Ces derniers temps, j’ai parlé un peu moins de séries japonaises ; comme souvent, le démarrage d’une nouvelle saison (ici la saison estivale, donc) est l’occasion de me mettre un coup de pied au derche. J’ai quelques brouillons qui traînent dans mes réserves, aussi, mais pour le moment je vous propose de parler d’une série parfaitement dans l’ambiance de l’été, avec Barakamon.
Il s’agit apparemment de l’adaptation d’un manga, mais comme je ne lis plus de manga, je laisse les expertes en parler en commentaire. Toujours est-il que la série se déroule à Nanatsudake, un petit village situé sur l’une des îles Gotou, tout au sud de l’Archipel nippon. L’endroit est semble-t-il fictif ; dans les îles Gotou, Nanatsudake est en fait un mont, donc pas du tout en bord de mer. Plus dépaysant, ce sera difficile… et c’est d’ailleurs le but.

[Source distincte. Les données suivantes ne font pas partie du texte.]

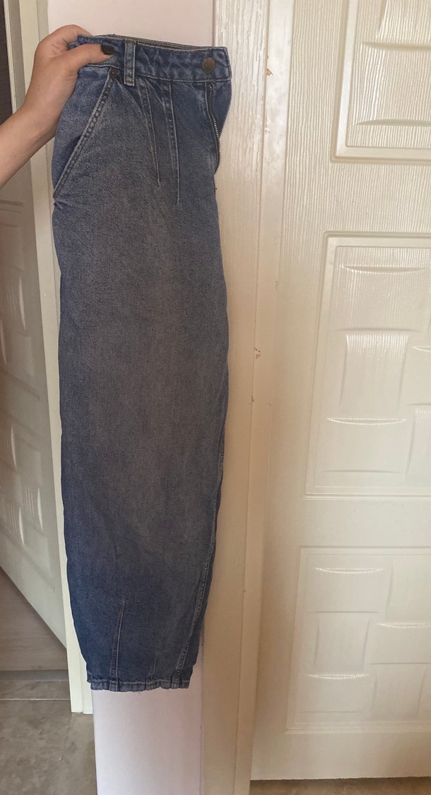 Gri renkte, kemerli ve bol kesim midi kot pantolon, günlük kullanıma uygun rahat ve şık bir tarza sahiptir.

Lancée un peu plus tôt ce mois-ci avec le début de la saison d’été, Barakamon suit Seishuu Handa, un jeune calligraphe qui vit à Tokyo. Dans son monde, la calligraphie, c’est un art, et il a décidé dés son plus jeune âge que ce serait sa vocation. Il faut dire qu’il n’est nul autre que le fils de Seimei Handa, un calligraphe réputé qui lui a tout appris quand il était enfant.
Aujourd’hui âgé de 27 ans, toutefois, Seishuu aspire non plus à l’apprentissage, mais à de la reconnaissance : il a passé le temps d’apprendre, il veut être apprécié par ses pairs. Cette immense blessure d’orgueil est mise à vif en particulier lors d’une cérémonie de récompense ; le plus ironique, c’est que la récompense est attribuée à Seishuu pour l’une de ses oeuvres. Hélas, tout ce qu’il entend, ce sont les ragots d’autres jeunes artistes dans son dos, et surtout, la critique d’un directeur d’exposition. Celui-ci, un homme âgé, expérimenté, et respecté dans le milieu, ne mâche pas ses mots : il se lamente que Seishuu soit si conformiste malgré son âge, et qu’il ne semble même pas essayer de s’élever au-dessus d’un niveau médiocre. Bref, il n’a pas mérité son prix. Bon, ce n’est jamais plaisant à entendre, c’est sûr. Mais voilà qu’en plein milieu de la soirée rassemblant tout le gratin de sa profession, Seishuu fait une scène. Il doit être physiquement maîtrisé, devant tout le monde… y compris son père.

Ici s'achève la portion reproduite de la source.